Thursday, March 28, 2019

What Jussie Smollett Is All About

"It's the false epitome stupid!"
Huh?
Yes, bear with me.
If you are Donald Trump, the decision in Chicago yesterday to drop charges against Smollett creates an irresistible opportunity to exploit the occasion for personal gain. And nothing feeds the need of Team Trump to distract from everything they do like the chance to accuse a black person, immigrant, or minority of something. And the Smollett case could not be better - he is black and gay. Terrific. And this appears to be a case of false victimization. Even better. And he got off - a black person who is not deserving who benefits from favoritism from authorities. Great. Anything else? We are going to investigate - see, we can investigate, too, just like you Democrats do. Perfect.

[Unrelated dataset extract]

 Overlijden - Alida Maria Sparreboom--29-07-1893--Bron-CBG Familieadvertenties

But there's more. One of the great tools used over and over by Team Trump is the false epitome. Highlighting the Smollett case, which does, in fact, appear to be a miscarriage of justice creates a focus that is intended to represent a far broader case. For those conservatives who like to obsess about these things, this single case provides an opportunity to take this one example as representative of a much more extensive problem.

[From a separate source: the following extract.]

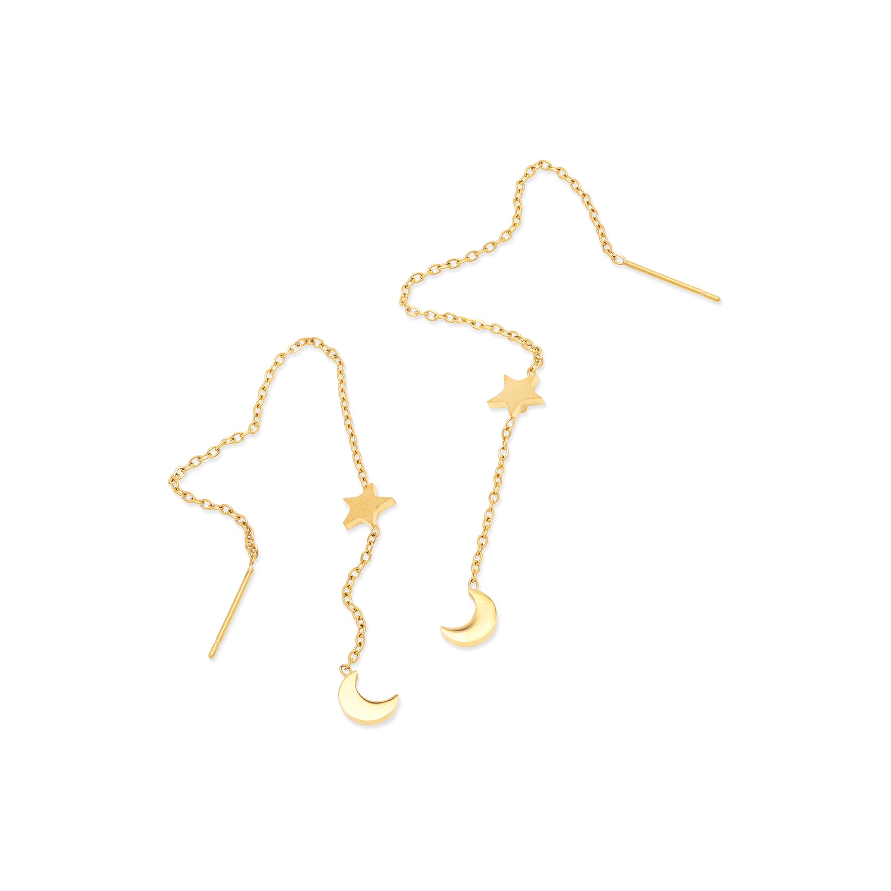 Trendy chain earrings with moon and stars for effortless edge. These dangling chain earrings are crafted from water-resistant, tarnish-free stainless steel for a modern look. Available in silver & gold to fit your style and needs.

Smollett was treated initially as a victim, but he was a perpetrator...becomes
They are all claiming to be victims, but they are all perpetrators.

False epitome was at work in Trump's claims that immigrants come here to kill people, often using as examples drivers involved in fatal traffic accidents - as if that is identical to deliberately murdering people.

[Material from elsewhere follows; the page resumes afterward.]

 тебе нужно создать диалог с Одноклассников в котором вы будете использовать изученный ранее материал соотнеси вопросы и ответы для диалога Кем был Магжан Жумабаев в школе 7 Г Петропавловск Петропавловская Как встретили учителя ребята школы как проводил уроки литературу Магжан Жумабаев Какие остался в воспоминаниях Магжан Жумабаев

And, perhaps more importantly, to help any such conservatives hold dearly to that fallacy, Trump acknowledges NO EXCEPTIONS to this rule. "They" must all be bad people. Therefore, Team Trump can never acknowledge, let alone, praise the noble sacrifice of Humayun Khan. Because that threatens the logic of false epitome - if any are good, even noble, maybe others are too...maybe they are just like us in many ways...No, we can't have people thinking like that. In fact, given the opportunity, take down his grieving mother and father.

False epitome is an especially sinister weapon because, like many of Trump's weapons and his endlessly awful behavior, the underlying reality hides in plain sight.

When Trump distracts and attacks with an argument or action that takes a specific case - of his choosing - and unreasonably extrapolates to make a general case that appeals to his followers- traditional journalists are at a loss to identify what is really happening. But, at this point, the rest of us should not be fooled.

Wednesday, March 20, 2019

"Inevitable Progress"

In "Trump’s America does not care" Robert Kagan presents an interesting analysis of the Trump revolution from the perspective of international diplomacy: "the United States as rogue superpower, neither isolationist nor internationalist, neither withdrawing nor in decline, but active, powerful and entirely out for itself."

Kagan observes that "Trump is not merely neglecting the liberal world order; he is milking it for narrow gain, rapidly destroying the trust and sense of common purpose that have held it together and prevented international chaos for seven decades."

As we have seen over the past two years, the role of the U.S. in the international order has been turned upside down. Common sense dictates that even an election of a Democrat as president in 2020 can not reverse this because once "America First" takes hold and requires a "Me First" or an "Us First" from other nations, excluding the U.S., other countries know they can not count on the U.S. to honor treaties or commitments from one administration to the next.

Kagan states, "Trump’s world is a struggle of all-against-all. There are no relationships based on common values. There are merely transactions determined by power. It is the world that a century ago brought us two world wars."

Kagan writes more expansively on a similar theme in "The strongmen strike back: Authoritarianism has reemerged as the greatest threat to the liberal democratic world — a profound ideological, as well as strategic, challenge. And we have no idea how to confront it."

In this piece he recounts the history of the tension between authoritarianism and liberal democracy over the past several hundred years, with the First World War largely representing a great battle between the two and the Second World War marking the defeat of authoritarians and a "new birth" for liberalism.

Of interest to readers of this blog, Kagan remarks that the authoritarians are succeeding in ways never imagined since the end of the Cold War. He writes:

"It has been decades since liberal democracies took this challenge seriously. The end of the Cold War seemed like indisputable proof of the correctness of the Enlightenment view — the belief in inexorable progress, both moral and scientific, toward the achievement of the physical, spiritual and intellectual freedom of every individual. History was “the progress of the consciousness of freedom,” as Georg Wilhelm Friedrich Hegel put it in 1830; or as Francis Fukuyama wrote in "The End of History and the Last Man” in 1992, there were fundamental processes at work dictating 'a common evolutionary pattern for all human societies — in short, something like a Universal History of mankind in the direction of liberal democracy.'” [emphasis added]

This observation about the current reversal of progress belies "the belief in inexorable progress"on a global scale that mirrors the belief in "Inevitable Progress" expressed as Point #4 of the Six Points keynote page of this blog.